▶ **EXERCISE BRIEF**
Nothing but the lines below from the one with "Після богослужінь громада" through the one with "Бесшовные обои на" should be output, each exactly as given, and no pictures.

▶ **PROVIDED RECORDS**
__________
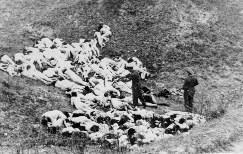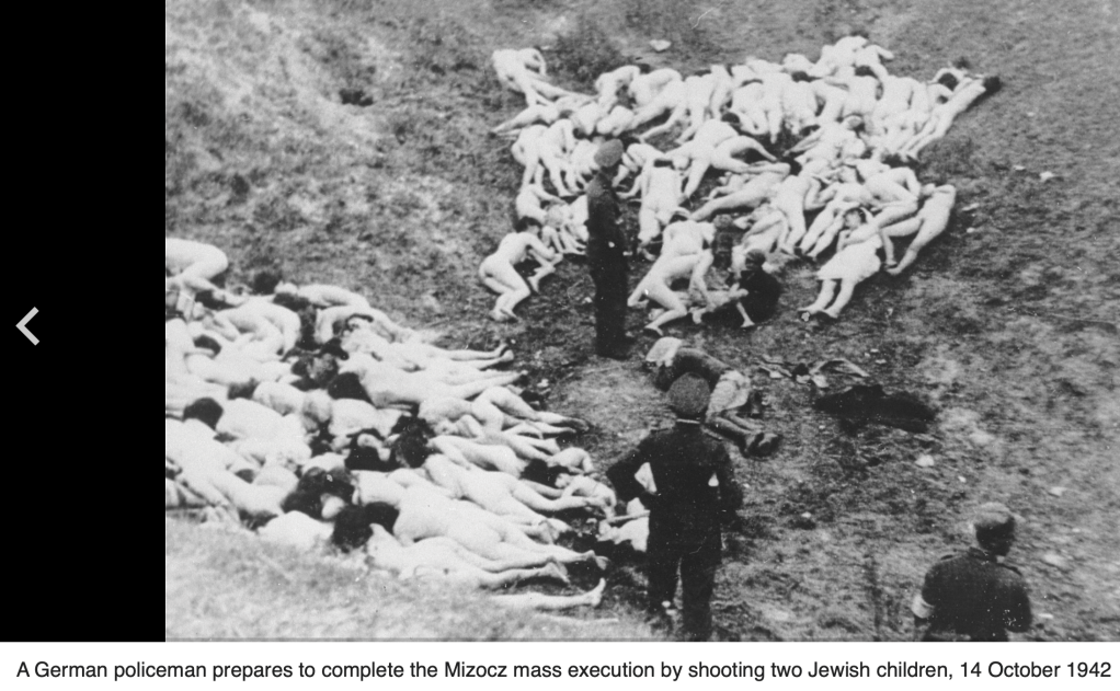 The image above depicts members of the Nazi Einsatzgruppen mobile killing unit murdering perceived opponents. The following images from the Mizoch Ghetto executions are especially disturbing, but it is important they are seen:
__________
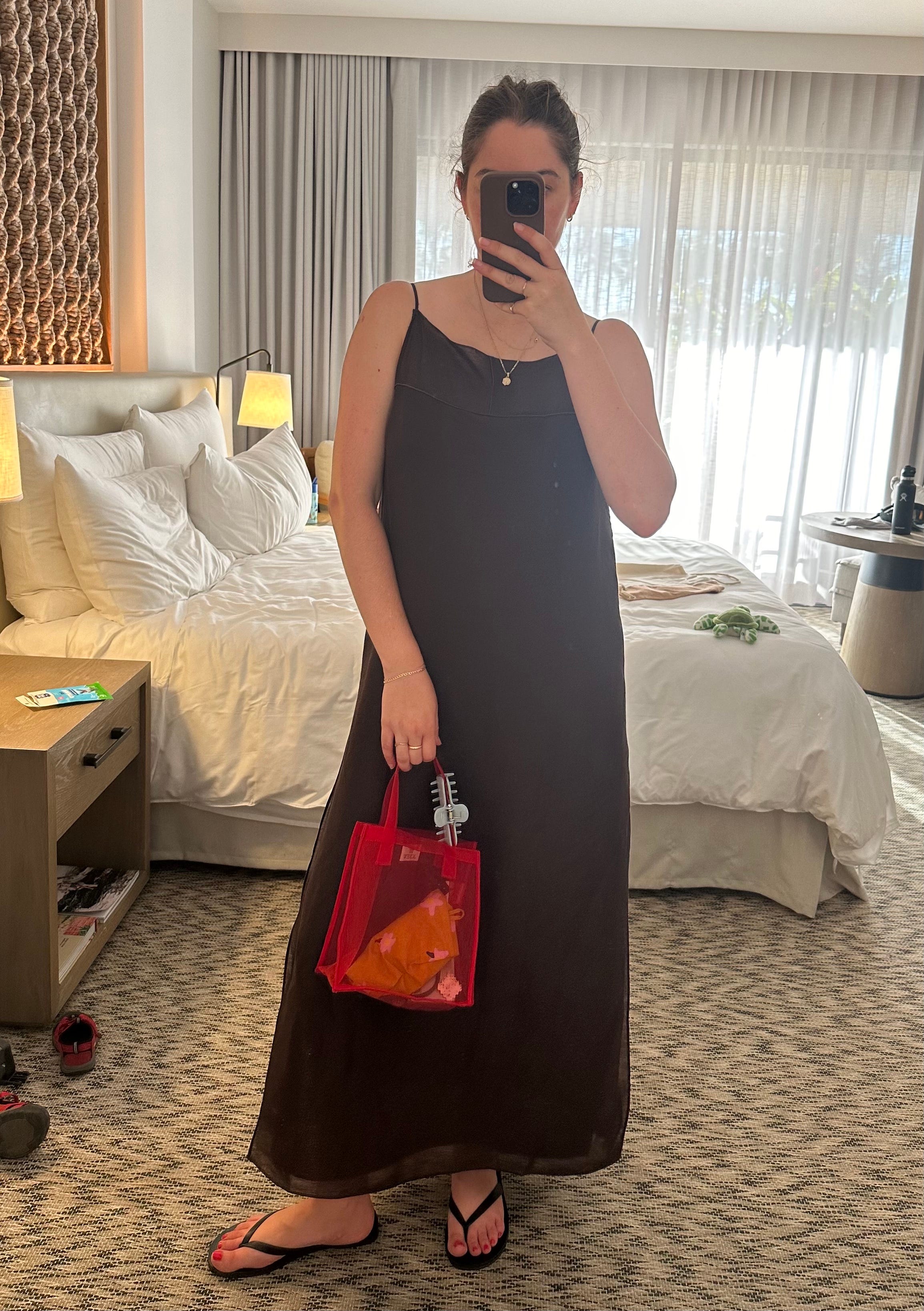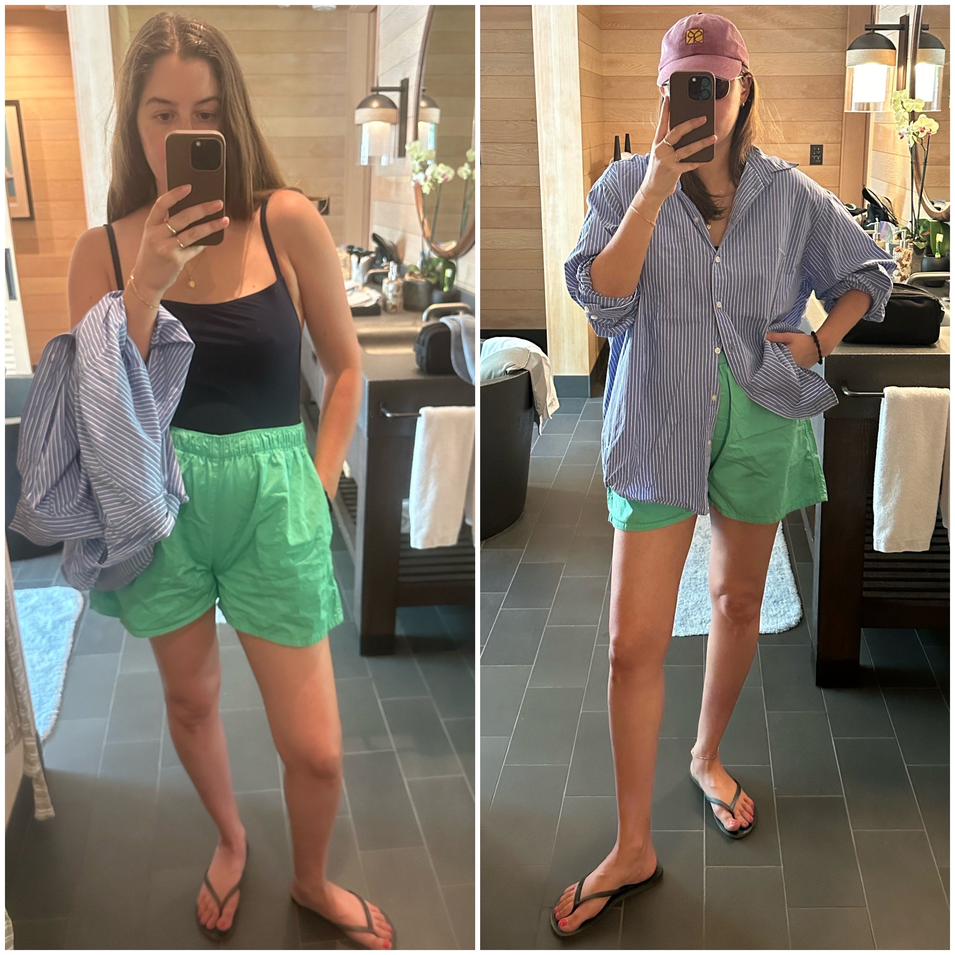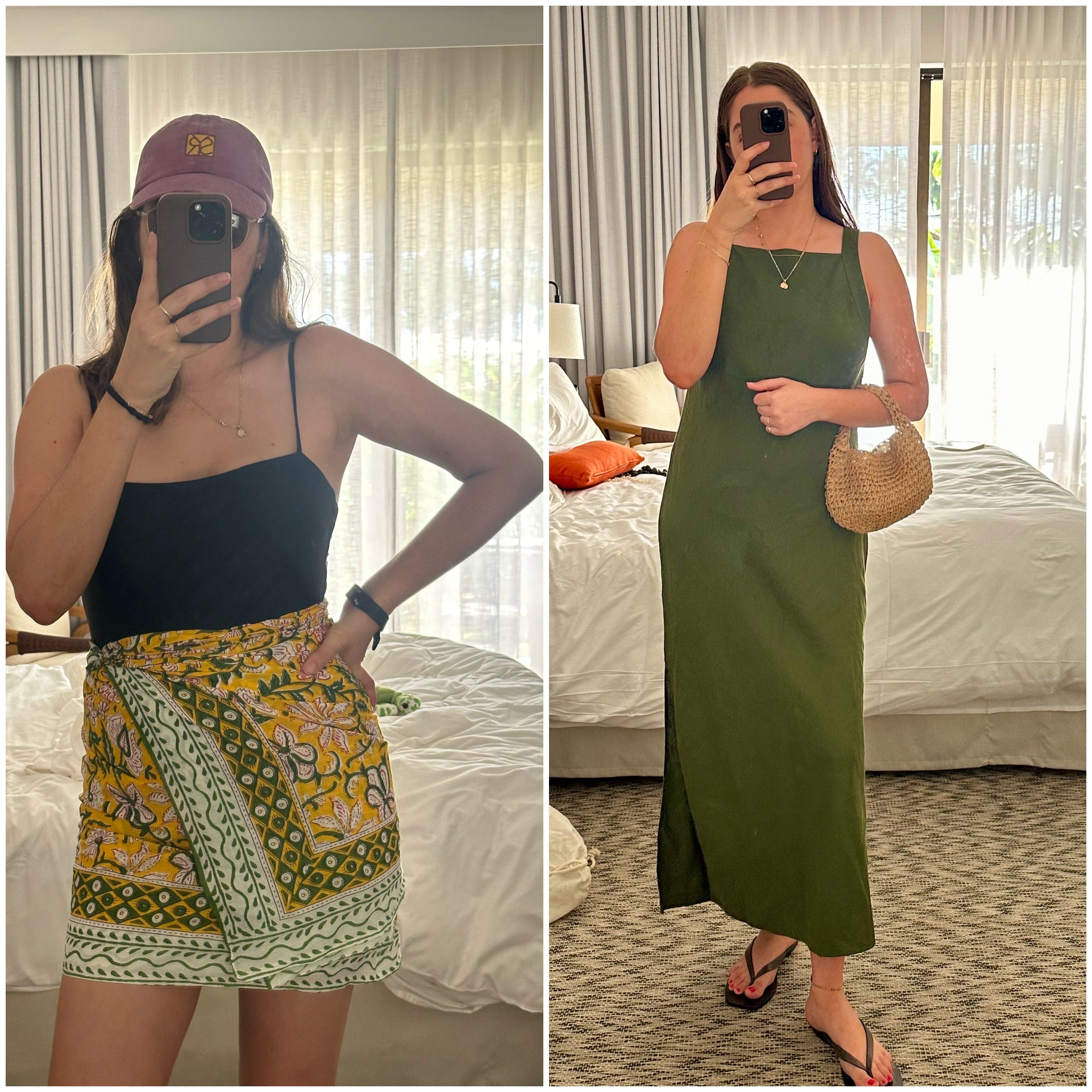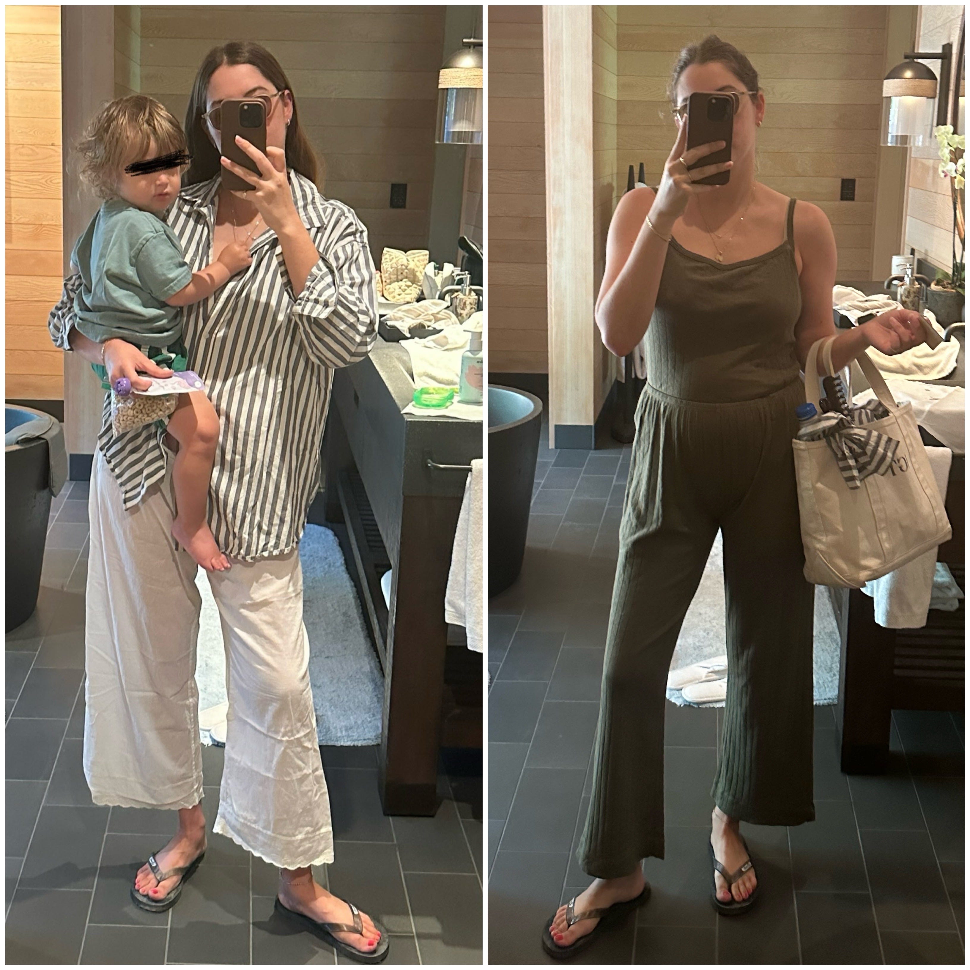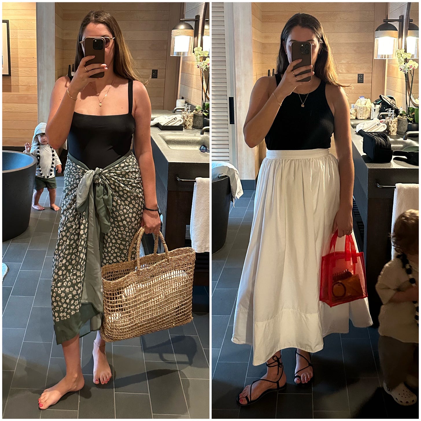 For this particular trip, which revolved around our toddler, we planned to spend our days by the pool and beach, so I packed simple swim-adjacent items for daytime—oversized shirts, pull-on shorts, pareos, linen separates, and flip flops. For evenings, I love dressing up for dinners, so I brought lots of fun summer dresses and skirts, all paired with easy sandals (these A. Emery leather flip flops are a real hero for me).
__________
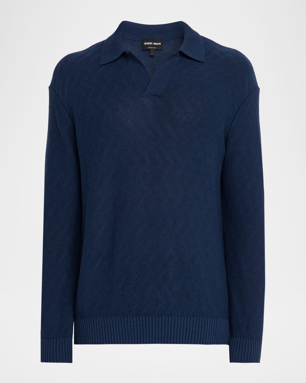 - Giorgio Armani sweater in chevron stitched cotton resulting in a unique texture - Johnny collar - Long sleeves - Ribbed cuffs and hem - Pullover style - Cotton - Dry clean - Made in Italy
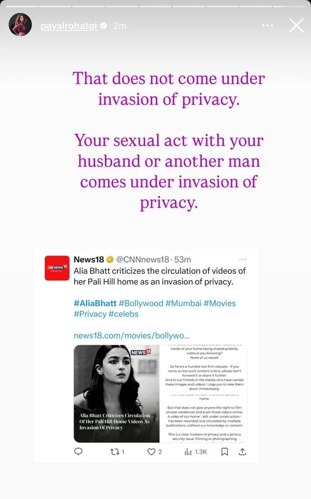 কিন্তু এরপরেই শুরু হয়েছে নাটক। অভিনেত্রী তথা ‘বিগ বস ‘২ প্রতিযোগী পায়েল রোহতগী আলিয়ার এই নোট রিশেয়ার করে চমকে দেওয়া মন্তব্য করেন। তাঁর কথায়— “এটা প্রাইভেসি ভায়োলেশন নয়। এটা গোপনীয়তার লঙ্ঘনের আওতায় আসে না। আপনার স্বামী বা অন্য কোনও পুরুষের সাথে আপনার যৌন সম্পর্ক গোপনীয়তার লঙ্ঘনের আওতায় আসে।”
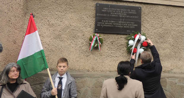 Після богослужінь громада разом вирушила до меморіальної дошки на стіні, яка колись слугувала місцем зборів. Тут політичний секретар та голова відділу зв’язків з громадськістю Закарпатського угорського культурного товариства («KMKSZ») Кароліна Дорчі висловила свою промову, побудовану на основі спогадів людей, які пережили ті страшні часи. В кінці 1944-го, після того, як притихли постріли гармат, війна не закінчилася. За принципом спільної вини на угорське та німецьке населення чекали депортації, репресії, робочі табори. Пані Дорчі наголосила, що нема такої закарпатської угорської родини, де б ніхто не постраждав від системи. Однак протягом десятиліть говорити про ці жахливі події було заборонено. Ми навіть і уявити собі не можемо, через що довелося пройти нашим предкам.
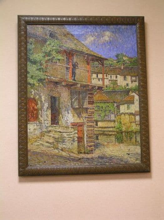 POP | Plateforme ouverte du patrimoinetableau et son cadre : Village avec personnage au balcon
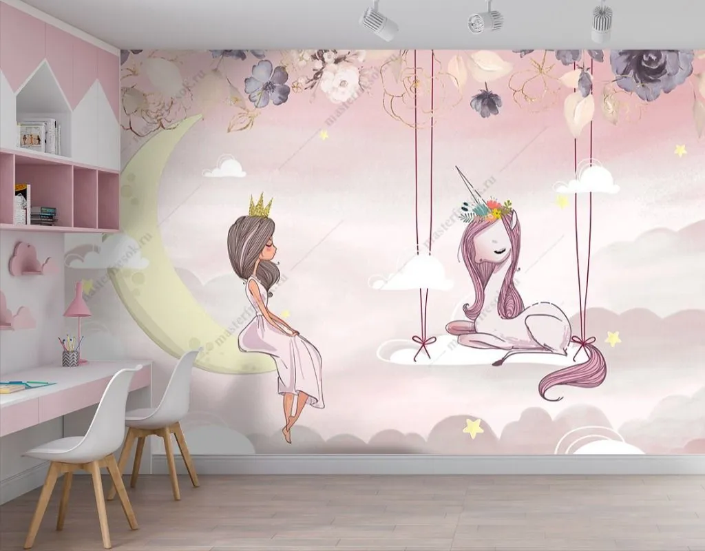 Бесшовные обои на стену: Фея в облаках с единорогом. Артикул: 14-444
__________
▶ **WRITTEN SOLUTION**
 Після богослужінь громада разом вирушила до меморіальної дошки на стіні, яка колись слугувала місцем зборів. Тут політичний секретар та голова відділу зв’язків з громадськістю Закарпатського угорського культурного товариства («KMKSZ») Кароліна Дорчі висловила свою промову, побудовану на основі спогадів людей, які пережили ті страшні часи. В кінці 1944-го, після того, як притихли постріли гармат, війна не закінчилася. За принципом спільної вини на угорське та німецьке населення чекали депортації, репресії, робочі табори. Пані Дорчі наголосила, що нема такої закарпатської угорської родини, де б ніхто не постраждав від системи. Однак протягом десятиліть говорити про ці жахливі події було заборонено. Ми навіть і уявити собі не можемо, через що довелося пройти нашим предкам.
 POP | Plateforme ouverte du patrimoinetableau et son cadre : Village avec personnage au balcon
 Бесшовные обои на стену: Фея в облаках с единорогом. Артикул: 14-444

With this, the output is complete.